Jonathan Martin Bullying Victim: New York Times Reporter With Same Name Receives Angry Tweets [VIDEO]

It's been a harrowing couple of weeks for Jonathan Martin, the Miami Dolphins football player. It's been an educational week for Jonathan Martin, the journalist.

The latter Martin, a political reporter for the New York Times based in Washington D.C., wrote a first-person account of receiving tweets intended for the Dolphins offensive tackle who filed a complaint with the franchise and NFL about a hostile work environment - led by the bullying of guard Richie Incognito - after leaving the team.

The reporter said he received a flood of Twitter messages as soon as Martin walked out on the Dolphins, amused that the masses mistook his Twitter account for that of the football player.

"Then there is the fact that I have 'NYT' in my Twitter handle (@jmartnyt), and my history nerd avatar is a picture of Lyndon B. Johnson's two beagles, Her and Him, perched on the south lawn of the White House," Martin wrote.

The Times employee went on to talk about getting "an equal mix of hang-in-there notes of encouragement and pointed inquiries about the robustness of my manhood."

But after the Dolphins lost 22-19 to the Tampa Bay Buccaneers on Monday Night Football, Martin reported a tip in the scales toward more negative tweets.

" 'U got a beagle dog as ur profile pic n ur in the nfl,' " wrote @calli_631, who also used a word a vulgarity to accuse me of ruining the Dolphins' season," Martin wrote in his article for the Times.

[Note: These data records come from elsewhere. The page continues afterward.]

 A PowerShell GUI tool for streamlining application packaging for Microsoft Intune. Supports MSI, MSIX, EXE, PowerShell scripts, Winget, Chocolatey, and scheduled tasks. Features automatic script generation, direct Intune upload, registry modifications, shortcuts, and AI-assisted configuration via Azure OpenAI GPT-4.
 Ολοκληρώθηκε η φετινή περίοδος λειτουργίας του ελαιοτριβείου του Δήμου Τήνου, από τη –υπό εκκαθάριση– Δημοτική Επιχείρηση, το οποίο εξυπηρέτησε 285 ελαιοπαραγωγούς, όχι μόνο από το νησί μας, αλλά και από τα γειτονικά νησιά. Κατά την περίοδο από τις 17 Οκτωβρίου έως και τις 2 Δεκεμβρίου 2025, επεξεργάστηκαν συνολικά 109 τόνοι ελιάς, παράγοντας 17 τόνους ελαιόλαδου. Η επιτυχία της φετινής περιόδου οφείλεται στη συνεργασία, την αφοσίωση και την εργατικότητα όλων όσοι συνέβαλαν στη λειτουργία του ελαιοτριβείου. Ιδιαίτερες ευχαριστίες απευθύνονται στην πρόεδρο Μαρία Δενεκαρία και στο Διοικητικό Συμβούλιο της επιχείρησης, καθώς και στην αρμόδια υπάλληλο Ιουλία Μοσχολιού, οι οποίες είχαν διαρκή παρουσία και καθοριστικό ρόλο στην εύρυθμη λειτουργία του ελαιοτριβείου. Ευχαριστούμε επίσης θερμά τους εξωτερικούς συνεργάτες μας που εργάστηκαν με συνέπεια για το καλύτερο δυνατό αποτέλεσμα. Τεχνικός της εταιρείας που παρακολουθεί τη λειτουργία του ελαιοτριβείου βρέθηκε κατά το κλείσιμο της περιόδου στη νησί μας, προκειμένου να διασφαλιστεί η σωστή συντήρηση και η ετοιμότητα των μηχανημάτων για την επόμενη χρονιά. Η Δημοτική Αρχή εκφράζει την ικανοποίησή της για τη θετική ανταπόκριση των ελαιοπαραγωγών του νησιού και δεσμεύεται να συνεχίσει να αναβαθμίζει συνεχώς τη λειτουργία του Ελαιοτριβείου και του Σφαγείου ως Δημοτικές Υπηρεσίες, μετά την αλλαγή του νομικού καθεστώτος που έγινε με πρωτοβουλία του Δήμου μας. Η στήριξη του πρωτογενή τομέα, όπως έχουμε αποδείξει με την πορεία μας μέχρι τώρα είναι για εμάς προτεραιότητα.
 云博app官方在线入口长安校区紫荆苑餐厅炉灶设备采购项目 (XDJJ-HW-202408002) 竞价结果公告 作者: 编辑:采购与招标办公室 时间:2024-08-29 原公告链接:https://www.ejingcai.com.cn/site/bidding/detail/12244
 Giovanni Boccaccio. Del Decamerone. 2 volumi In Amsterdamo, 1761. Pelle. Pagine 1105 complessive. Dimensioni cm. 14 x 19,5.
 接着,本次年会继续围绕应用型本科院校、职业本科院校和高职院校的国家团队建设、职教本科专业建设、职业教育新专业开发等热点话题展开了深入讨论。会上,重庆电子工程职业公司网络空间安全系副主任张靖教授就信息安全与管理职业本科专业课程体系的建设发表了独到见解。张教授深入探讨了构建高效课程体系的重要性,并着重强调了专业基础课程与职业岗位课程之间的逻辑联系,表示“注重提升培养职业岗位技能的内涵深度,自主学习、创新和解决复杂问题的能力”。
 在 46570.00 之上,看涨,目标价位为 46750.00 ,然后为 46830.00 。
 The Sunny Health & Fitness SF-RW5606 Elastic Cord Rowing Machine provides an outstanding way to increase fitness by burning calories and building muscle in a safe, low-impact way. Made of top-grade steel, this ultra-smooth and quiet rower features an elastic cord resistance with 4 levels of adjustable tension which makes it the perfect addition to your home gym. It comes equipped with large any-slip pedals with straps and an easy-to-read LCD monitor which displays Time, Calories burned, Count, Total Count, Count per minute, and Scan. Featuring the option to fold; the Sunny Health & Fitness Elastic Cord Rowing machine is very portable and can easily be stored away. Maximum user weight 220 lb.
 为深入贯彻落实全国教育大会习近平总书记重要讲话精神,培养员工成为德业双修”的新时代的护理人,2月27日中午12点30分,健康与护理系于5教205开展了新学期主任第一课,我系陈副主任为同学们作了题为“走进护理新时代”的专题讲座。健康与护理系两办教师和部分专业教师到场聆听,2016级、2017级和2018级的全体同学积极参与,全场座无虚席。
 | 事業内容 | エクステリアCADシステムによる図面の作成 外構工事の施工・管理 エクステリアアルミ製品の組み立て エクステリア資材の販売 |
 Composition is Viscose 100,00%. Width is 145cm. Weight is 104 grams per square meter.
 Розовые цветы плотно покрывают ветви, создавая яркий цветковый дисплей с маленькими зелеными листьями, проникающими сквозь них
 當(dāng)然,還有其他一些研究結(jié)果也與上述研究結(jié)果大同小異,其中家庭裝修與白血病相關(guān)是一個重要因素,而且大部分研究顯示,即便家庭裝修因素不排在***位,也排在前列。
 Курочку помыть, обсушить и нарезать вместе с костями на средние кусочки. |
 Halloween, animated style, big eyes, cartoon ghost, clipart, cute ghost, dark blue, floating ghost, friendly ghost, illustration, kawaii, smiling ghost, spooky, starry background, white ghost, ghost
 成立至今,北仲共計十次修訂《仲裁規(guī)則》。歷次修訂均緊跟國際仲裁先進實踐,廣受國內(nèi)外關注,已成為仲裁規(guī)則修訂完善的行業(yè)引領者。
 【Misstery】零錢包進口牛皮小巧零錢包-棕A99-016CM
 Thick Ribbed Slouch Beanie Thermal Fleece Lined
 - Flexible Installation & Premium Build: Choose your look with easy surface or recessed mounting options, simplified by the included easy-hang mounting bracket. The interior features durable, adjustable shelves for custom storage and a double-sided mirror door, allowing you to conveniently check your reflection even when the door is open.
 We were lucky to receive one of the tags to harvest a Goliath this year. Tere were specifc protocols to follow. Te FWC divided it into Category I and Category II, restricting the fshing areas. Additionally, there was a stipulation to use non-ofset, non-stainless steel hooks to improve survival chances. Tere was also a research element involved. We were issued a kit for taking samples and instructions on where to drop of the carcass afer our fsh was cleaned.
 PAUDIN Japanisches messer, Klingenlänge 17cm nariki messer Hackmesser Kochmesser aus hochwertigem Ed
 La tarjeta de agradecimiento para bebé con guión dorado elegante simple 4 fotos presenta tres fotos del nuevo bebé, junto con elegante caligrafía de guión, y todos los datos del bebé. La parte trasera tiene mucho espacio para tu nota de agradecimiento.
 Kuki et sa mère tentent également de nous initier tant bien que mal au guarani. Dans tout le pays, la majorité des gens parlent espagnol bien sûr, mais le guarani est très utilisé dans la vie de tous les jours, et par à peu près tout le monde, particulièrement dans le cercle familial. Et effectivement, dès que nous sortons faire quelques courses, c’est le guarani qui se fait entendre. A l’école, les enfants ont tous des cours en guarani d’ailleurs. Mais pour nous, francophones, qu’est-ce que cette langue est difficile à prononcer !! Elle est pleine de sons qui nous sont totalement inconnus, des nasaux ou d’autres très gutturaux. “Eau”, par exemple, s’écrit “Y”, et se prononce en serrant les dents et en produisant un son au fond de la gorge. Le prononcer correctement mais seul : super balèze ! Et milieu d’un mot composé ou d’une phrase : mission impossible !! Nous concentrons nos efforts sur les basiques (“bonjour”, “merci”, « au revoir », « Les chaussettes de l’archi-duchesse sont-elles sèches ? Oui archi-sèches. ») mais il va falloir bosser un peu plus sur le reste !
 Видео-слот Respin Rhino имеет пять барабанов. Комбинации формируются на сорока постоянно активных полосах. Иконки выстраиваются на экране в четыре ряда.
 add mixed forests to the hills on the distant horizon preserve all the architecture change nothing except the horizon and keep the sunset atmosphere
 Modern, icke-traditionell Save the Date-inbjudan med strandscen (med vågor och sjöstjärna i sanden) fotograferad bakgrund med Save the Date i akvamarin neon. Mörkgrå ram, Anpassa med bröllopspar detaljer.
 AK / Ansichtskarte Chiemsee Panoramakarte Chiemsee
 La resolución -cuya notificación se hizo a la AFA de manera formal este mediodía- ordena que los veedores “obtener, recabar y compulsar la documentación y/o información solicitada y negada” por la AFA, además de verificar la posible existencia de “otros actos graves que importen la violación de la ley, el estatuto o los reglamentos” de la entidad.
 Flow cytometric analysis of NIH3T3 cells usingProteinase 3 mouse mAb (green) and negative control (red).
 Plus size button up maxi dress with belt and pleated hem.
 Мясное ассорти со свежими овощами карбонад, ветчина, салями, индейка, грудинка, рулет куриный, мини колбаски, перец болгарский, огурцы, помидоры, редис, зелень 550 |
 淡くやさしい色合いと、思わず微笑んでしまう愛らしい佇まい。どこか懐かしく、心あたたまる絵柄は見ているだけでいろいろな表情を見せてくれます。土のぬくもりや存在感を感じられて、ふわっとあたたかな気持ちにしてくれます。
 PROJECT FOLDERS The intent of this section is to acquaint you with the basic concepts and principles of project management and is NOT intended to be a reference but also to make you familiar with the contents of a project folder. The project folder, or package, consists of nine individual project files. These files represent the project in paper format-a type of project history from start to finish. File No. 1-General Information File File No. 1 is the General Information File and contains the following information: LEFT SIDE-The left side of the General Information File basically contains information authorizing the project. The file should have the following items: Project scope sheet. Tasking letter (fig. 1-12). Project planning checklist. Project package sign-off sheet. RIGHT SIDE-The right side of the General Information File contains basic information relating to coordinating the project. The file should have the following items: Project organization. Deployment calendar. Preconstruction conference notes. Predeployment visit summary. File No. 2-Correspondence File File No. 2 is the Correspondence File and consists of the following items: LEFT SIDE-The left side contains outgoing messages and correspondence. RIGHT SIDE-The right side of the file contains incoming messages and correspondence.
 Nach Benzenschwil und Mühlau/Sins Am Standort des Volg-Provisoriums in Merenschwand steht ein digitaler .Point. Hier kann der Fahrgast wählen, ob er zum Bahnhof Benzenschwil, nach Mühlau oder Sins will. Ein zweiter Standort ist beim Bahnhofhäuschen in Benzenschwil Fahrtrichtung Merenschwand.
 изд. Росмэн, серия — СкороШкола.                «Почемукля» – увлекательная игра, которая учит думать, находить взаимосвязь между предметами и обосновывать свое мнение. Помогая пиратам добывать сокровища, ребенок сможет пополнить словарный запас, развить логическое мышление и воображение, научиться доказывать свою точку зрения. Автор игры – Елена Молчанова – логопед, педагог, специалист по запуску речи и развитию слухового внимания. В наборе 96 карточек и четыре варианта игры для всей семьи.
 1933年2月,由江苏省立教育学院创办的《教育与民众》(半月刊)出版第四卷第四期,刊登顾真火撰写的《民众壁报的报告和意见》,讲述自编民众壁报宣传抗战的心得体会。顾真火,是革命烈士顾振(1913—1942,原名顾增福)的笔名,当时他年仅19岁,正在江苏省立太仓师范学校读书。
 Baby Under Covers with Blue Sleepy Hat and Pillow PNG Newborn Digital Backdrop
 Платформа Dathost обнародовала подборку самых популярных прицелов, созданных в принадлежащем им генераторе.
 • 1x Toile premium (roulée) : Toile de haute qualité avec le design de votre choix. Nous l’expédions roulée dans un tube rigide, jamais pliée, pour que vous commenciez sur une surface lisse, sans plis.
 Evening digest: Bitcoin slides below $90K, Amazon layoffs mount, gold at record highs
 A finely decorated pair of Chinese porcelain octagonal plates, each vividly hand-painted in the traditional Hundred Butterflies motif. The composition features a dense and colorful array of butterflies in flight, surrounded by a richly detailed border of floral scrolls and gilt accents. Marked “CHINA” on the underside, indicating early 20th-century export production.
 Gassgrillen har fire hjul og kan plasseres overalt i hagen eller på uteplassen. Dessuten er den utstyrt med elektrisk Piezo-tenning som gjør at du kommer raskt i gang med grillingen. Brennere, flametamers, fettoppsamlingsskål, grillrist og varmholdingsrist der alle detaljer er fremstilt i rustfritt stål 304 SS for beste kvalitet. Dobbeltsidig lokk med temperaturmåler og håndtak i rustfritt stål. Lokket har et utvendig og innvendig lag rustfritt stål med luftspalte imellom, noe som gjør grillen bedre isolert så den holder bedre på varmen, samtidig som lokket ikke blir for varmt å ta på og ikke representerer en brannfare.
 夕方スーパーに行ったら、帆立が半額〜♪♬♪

The journalist said, however, that as the Dolphins story of Martin and Richie Incognito has intensified, the misunderstanding ceased to be amusing.

"I feel bad for my fellow Jonathan Martin - lord knows what his Twitter feed looks like - but the whole affair has also been a reminder about how ugly discourse can be on the Internet," Martin wrote. "During campaign season, nasty, even abusive, emails and Twitter messages are standard fare for political reporters. Partisans (or, in this case, fans) say things online they would never contemplate saying to the face of a stranger, let alone one the size of the brawny Jonathan Martin. As one person said in a message to me this week, it is 'keyboard courage.' "

Martin said he received a tweet from Baltimore sportscaster Gerry Sandusky about the mistaken identity.

" 'I have walked where fate has now taken you,' wrote @GerrySandusky, who surely had it harder than me."